At Upwork, about three-quarters of the organization have adopted the practice.

Gusto's research indicates that this approach is effective. Nearly half of companies who report having clear goals say remote or hybrid work has been positive for company performance.

Reeder says while tools can help make remote work more effective, leaders should not use software to mask inefficiencies. "You can have all the tools in the world, but if you're not using them well, then you have a worse experience," Reeder said.

A new Atlassian report finds that 26% of workers who receive access to remote collaboration tools don't necessarily have the right tools or adequate training to be effective.

Business credit card and finance company Brex has embraced a distributed work model all the way down to the level of trusting employees' to choose their own collaboration and project management technology. "We empower our employees to use whatever constellation of tools that works best for them," said Angela Crossman, chief people officer at Brex. "Flexibility really means flexibility. We expect you to be productive and to know what works best for you and your team," she said. Whether it's Monday.com, Clockwise, or another tool, Crossman says the company aims to have partnerships with the software offerings that workers across the organization prefer.

"We think a lot about making sure people can do great work without forcing it into one model," Crossman said. "Any model that you have needs to incorporate distributed work, even if you yourself are not remote."

While that particular practice may not be the norm, flexibility is a must for sustainable remote-first success — and the idea of maintaining a remote-first model is a key practice in and of itself. 

Reeder says the same systems need to be in place whether an organization is remote or hybrid. "If you commit to remote first, then you can run a hybrid organization, because ultimately they work on the same connective tissue," she said.

Despite identifying as a remote-first organization, Upwork has kept its offices in San Francisco and Chicago, but has repurposed them as gathering places for team building and other events. Atlassian also kept its offices (about half of Atlassian employees visit an office at least monthly). Meanwhile, Brex is keeping its real estate footprint small and flexible.

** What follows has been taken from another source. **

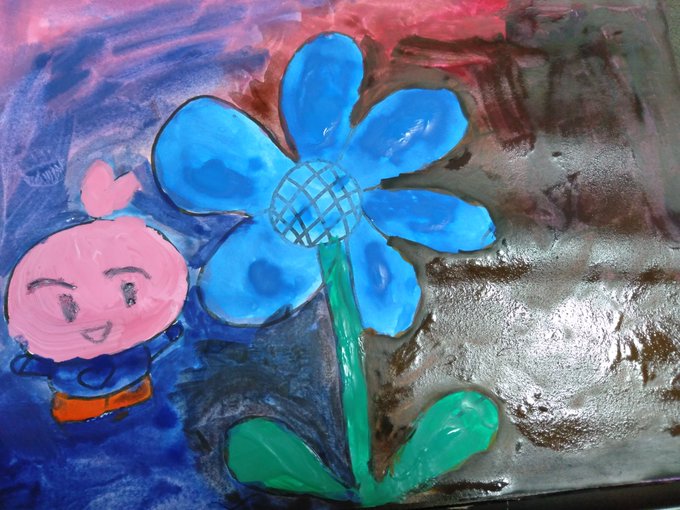 #イラスト #絵の具 #ゆるい 青い花とハートちゃん(≧▽≦)

Having tools and best practices in place for a distributed work model goes a long way in helping productivity, but the business benefits go beyond that. Remote companies that hold regular celebrations (virtual or otherwise) are 85% more likely to report being far above average in building company culture, according to Gusto.

Brex hosts an all-hands meeting every few weeks, with a running chat and active Slack channel. "People can participate and celebrate each other," Crossman said. "That rocket ship emoji gets a workout."

Brex's employee resource groups also serve as communities, where people connect on Slack but also in person when their paths align. This is another way to increase employee visibility. "I think those communities can be an equalizer. You don't think about level. You don't think about hierarchy," Crossman said.

While there is a benefit to meetings (and, for some workers, emotional attachment), there are more modern ways of coming together that serve both the people and the organization's objectives. Reeder says figuring out how to minimize meetings and constant notifications is a key part in developing the systemic standard of a remote-first company. "For me, the attitude is, 'How do we use whatever tools we have and try to create the best experience for people?'"

It's important for companies to take a "first principles" approach to these types of questions. In this case, pick apart the foundational elements of what makes up a work experience — camaraderie, mentorship, flexibility, celebration and more — and see how current practices serve (or fail to serve) these parts. Thinking structurally, operating with malleability, maintaining trust in teams and questioning the status quo are all essential to building a mature distributed and flexible workplace.